Partner, Head Of Insolvency & Restructuring, Wedlake Bell

Hughes and another v Howell (2021) EWCA Civ 1431 is unusual in that the judgment of the Court of Appeal relates to a second appeal in bankruptcy, Newey LJ having given permission to appeal from a decision of Birss J refusing an appeal against a bankruptcy order made by ICC Judge Burton. The case is of interest as it deals with the unusual issue of when a bankruptcy petition may be dismissed by reason of the petitioner’s unreasonable refusal of an offer to secure or compound for the petition debt (see 2 171(3) Insolvency Act 1986).

The petition was based on a debt due to Mr and Mrs Hughes arising out of a judgment obtained in 2015 in possession proceedings. It had been adjourned for three months to allow probate to be obtained, an estate administered and a house to be sold; but by the time of the adjourned hearing sale of the house and final distribution of the estate had not been achieved, and in any event it appeared that Mr Howell’s share of the estate was going to leave at least £10,000 of the petition debt unpaid. A bankruptcy order was made even though Mr Howell had made an offer to pay £10,000 and said that he might be able to pay more. ICC Judge Burton held that the creditors had been entitled to refuse that offer.

Mr Howell applied unsuccessfully to stay the bankruptcy order ([2019] EWHC 1559 (Ch); [2019] BPIR 1211). His substantive appeal was dismissed by Birss J: ([2020] EWHC 747 (Ch)) on the footing that there had not been a concrete offer to pay more than £10,000 so the ICC Judge had been entitled to consider that the offer was insufficient. Mr Howell was granted permission to bring a second appeal on the ground that the judge should arguably have considered his offer to have been more than £10,000.

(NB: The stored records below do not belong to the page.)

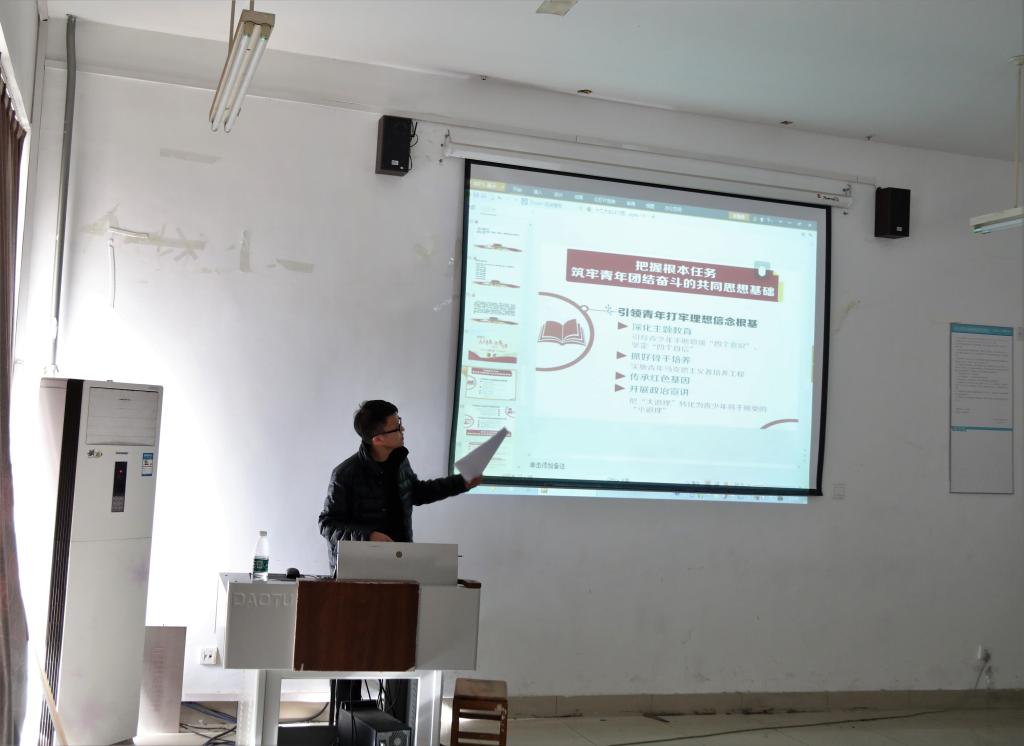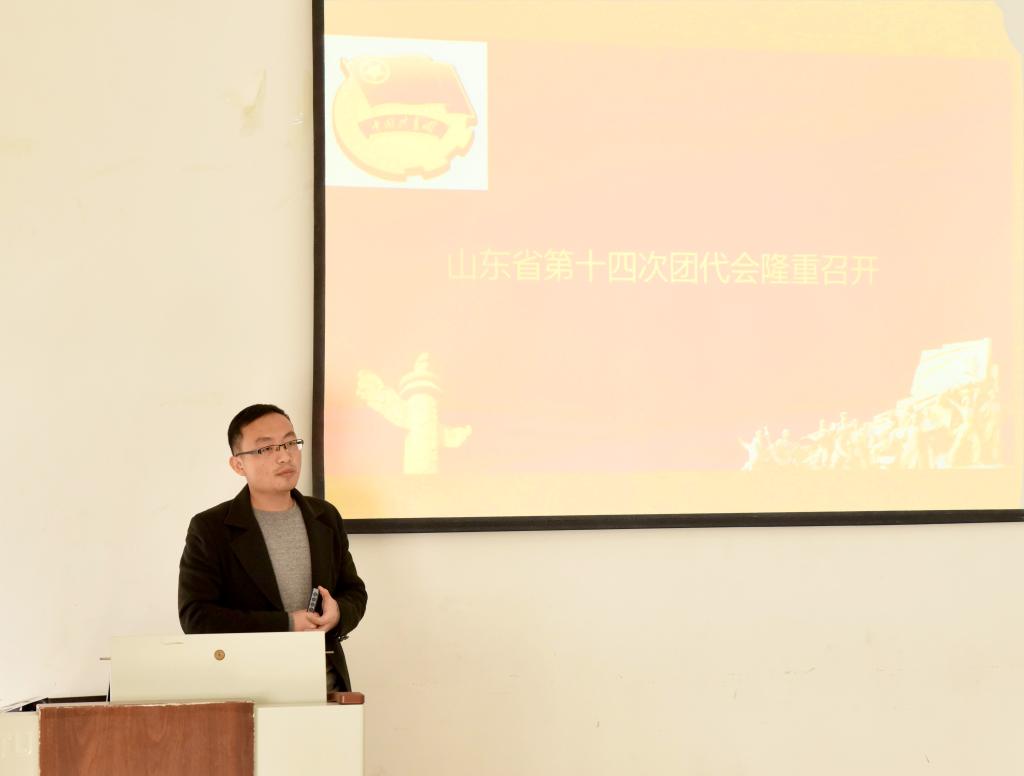 紧接着刘奎老师向团支部书记讲述了山东省第十四次团代会的主题、使命以及深化共青团改革的方针,让团支部书记认识到如何深入学习贯彻党的十九大精神和省十四次团代会精神,如何团结带领广大团员不忘初心跟党走,牢记使命建新功。
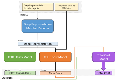Figure 5 Architecture diagram of a portion of the All-CORE® model. Member histories are represented as documents and subject to a deep learning encoder, which yields a latent layer that can be used as a new mDR. This layer is fed in turn into a model branch predicting class probabilities for new diagnosis of every CORE® condition (green) as well as a model branch predicting the log-transformed future cost for every condition. The resulting predictions are fed forward again into a total cost model at the member level, so the entire network can be optimized at once.
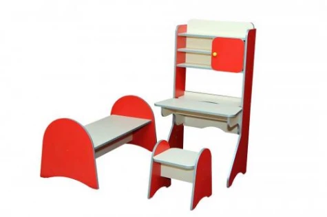 Все о товаре Стенка детская «Больница детская, Красный, Беж (3 элемента:кровать, стол, табурет) 16мм»
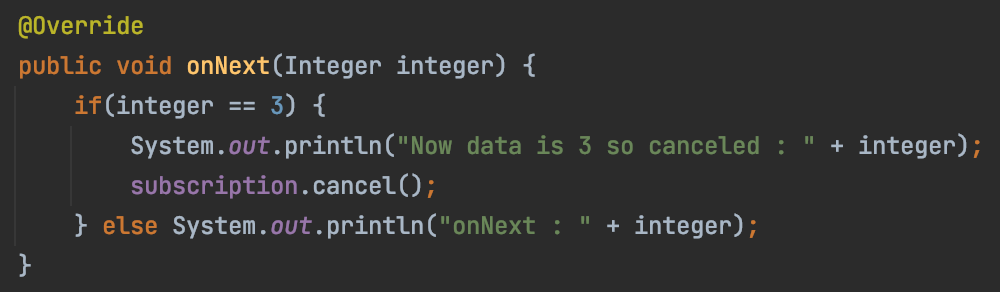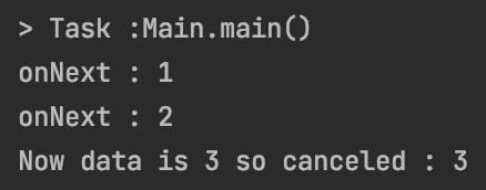 Flowable.subscribe()에서 통지된 데이터가 3일 때 구독을 해지하는 과정
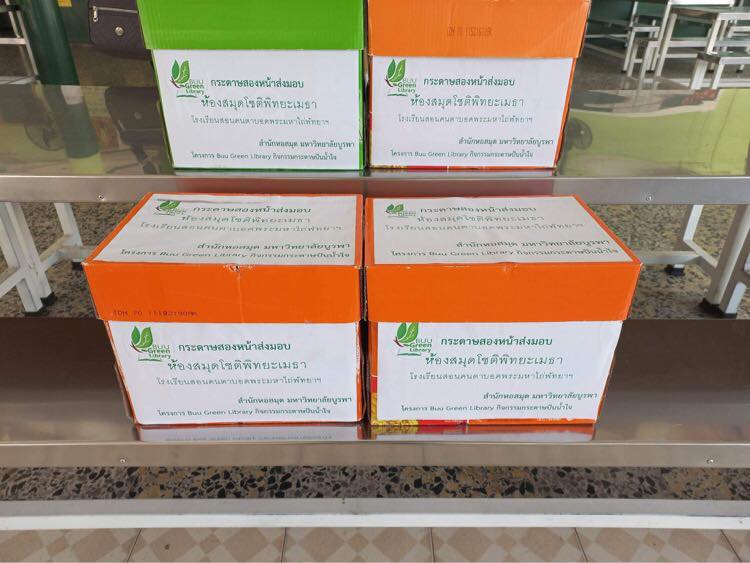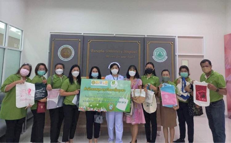 “Using Cloth Bags Instead of Plastic Bags” by donating 100 cloth bags to Burapha University Hospital and also participated in “Paper Sharing Kindness” activity by donating 4 boxes of A4 double-sided reuse paper for the visually impaired people in the school for the blind, the redemptorist vocational for the disabled in pattaya, Chonburi Province, which both activities are part of BUU Green Library project. These activities were held on 27 December 2022.

Lewison LJ referred to the judgment of the chief registrar in HMRC v Garwood ([2012] BPIR 575), citing with approval his summary of the10 legal principles the court needed to consider. Applying those to the facts of the case he went on to dismiss the appeal. In doing so he highlighted the features of Mr Howell’s offer that were unsatisfactory. He said that for an offer to be an offer for the purposes of s 271(3) it had to be “a concrete offer capable of acceptance.” It had to be “a present offer, not the possibility of a future offer.” Furthermore: “An offer simply to top up the shortfall is, in my judgment, not enough […] I do not consider that Mr Howell’s vague statement in the course of submissions, unsupported by any credible or objective evidence, that if someone thought that it ought to be more than £10,000 then he would go along with that amounts to an offer at all.” He emphasised that it was not up to the creditors to negotiate with the debtor before the debtor made an offer: “The offer that the debtor makes is one for him to make and him alone.”

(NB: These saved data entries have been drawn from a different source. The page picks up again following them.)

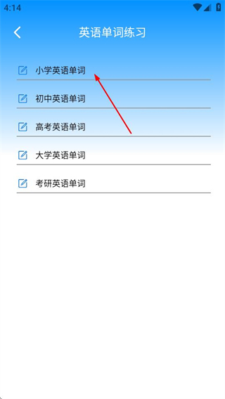 2、在英语单词练习页面,选择目标学段,可进入对应学段的单词练习列表。
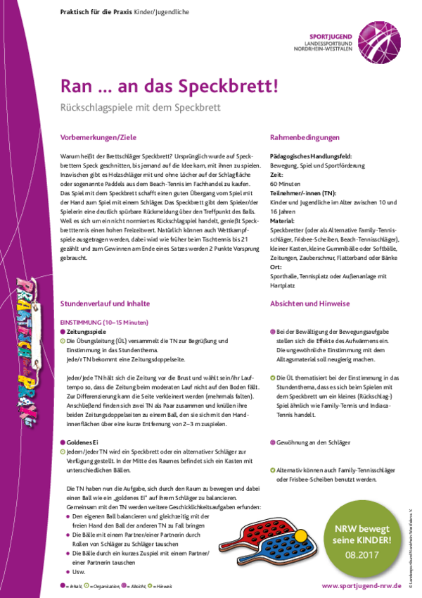 Das Spiel mit dem Speckbrett schafft einen guten Übergang vom Spiel mit der Hand zum Spiel mit einem Schläger. Das Speckbrett gibt dem Spieler/der Spielerin eine deutlich spürbare Rückmeldung über den Treffpunkt des Balls. Weil es sich um ein nicht normiertes Rückschlagspiel handelt, genießt Speckbretttennis einen hohen Freizeitwert.
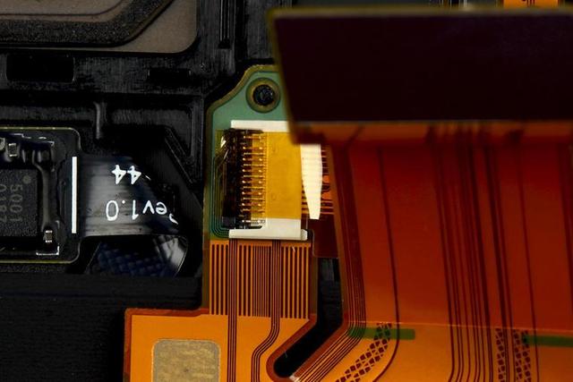 電池有一個(gè)專門的“承托架”墊起,取下電池和“承托架”即可看到電池下方有一大片 BTB 連接軟板。這種設(shè)計(jì)是索尼手機(jī)特有的“八爪魚式”軟板。指紋模塊軟板小編覺(jué)得這個(gè)造型真的很絕~
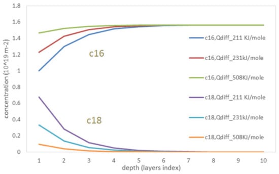 In order to check the validity of model the concentration distribution in deeper layers, the concentration deps profiles of atoms 16O and 18O were calculated. Results are presented in Figure 9, where depth profile curves are calculated for different values of Qdif. Obtained curves are typical diffusion curves and shows the correctness of calculations. However, the bulk diffusion on powder catalysts is not so simple as discussed above presenting Figure 1 and Equation (12) and depth profile curves at higher diffusivity can be more complex. It is seen that with increase of diffusivity (decrease of Qdif) the concentration of 16O at the surface layers decreases and is replaced by oxygen 18O coming from gas phase. It means what more oxygen 16O must appear in gas phase forming oxygen species 16O2 and 16O18O.

Timing was also a consideration. Lewison LJ rejected the debtor’s submission that if a debt was secured it did not matter how long the creditor might have to wait before being able to realise a security:

“Security is only of value if it enables a debt to be paid within a reasonable time. A creditor is not unreasonable in refusing to wait for an indeterminate time for an indeterminate amount before the security can be realised. Indeed in the present case it is difficult to see how the security could be realised at all. In practice Mr and Mrs Hughes would simply have had to wait until the executors had sold the house and then either receive an interim distribution, the amount of which was entirely uncertain, or wait until the estate had been administered.”

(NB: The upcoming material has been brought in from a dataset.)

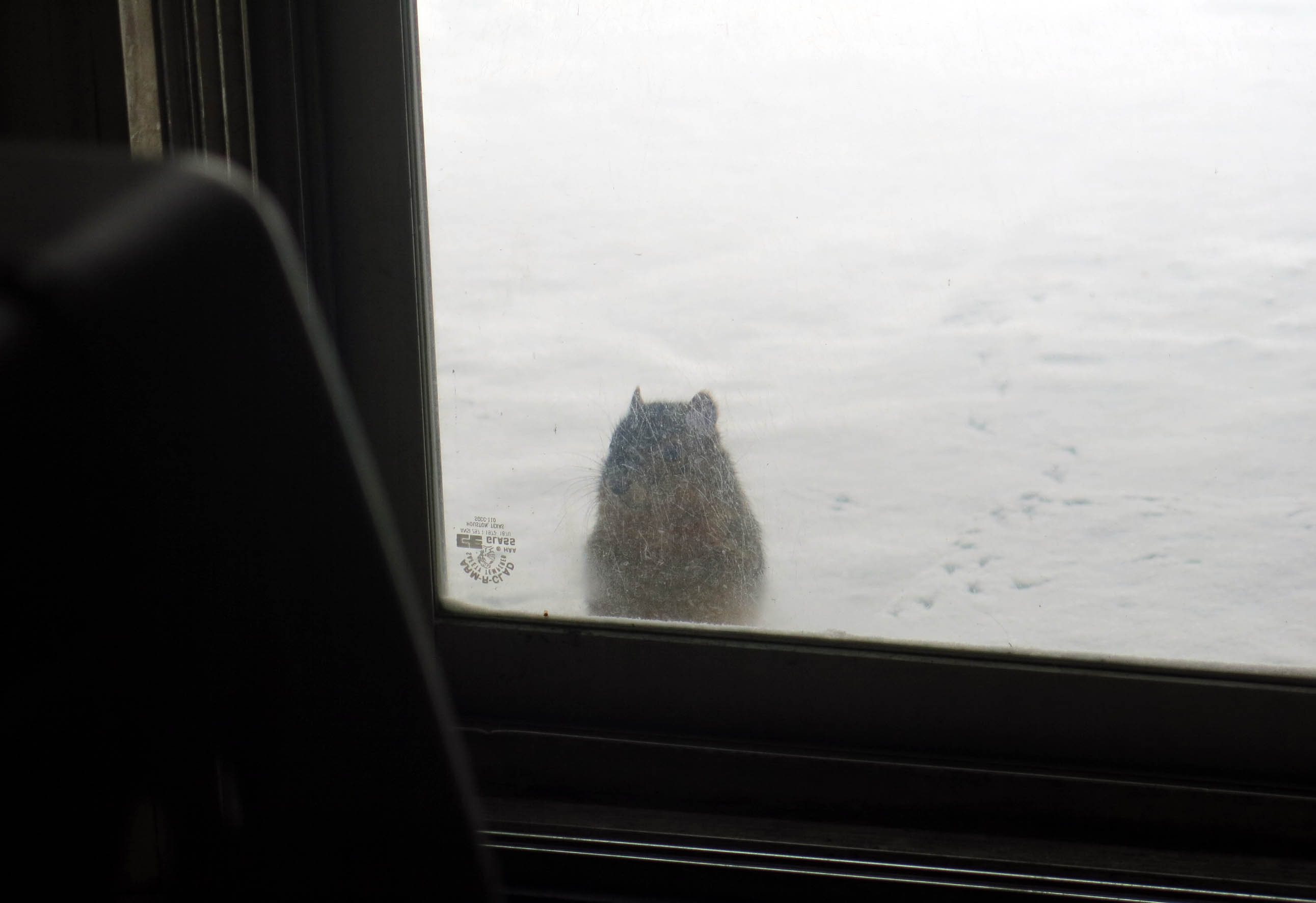 It is indeed very cold, supposed to be about –20C tonight, which is definitely cold. I don’t know who that was at the back door, but I didn’t like it. Though, one funny thing, the guy I live with never noticed the markings on the door before, and he’s lived here since 1985. The squirrels do have nice nests, or drays, up in the locust tree, though I don’t think they have central heating or a humidifier or get tucked under the covers at night like some of us do.

Also of interest is the wide view Lewison LJ took of what might be property and security. In his view property could include a sum of money to be received by the debtor as a residuary beneficiary: “Since the right is a transmissible right, it is capable at least in theory of being the subject matter of security”. Irrevocable instructions to solicitors to pay the solicitors for the petitioners had been given by Mr Howell. Lewison LJ said, “I am prepared to accept that that amounted to securing that part of the debt for the purposes of the Insolvency Act 1986.”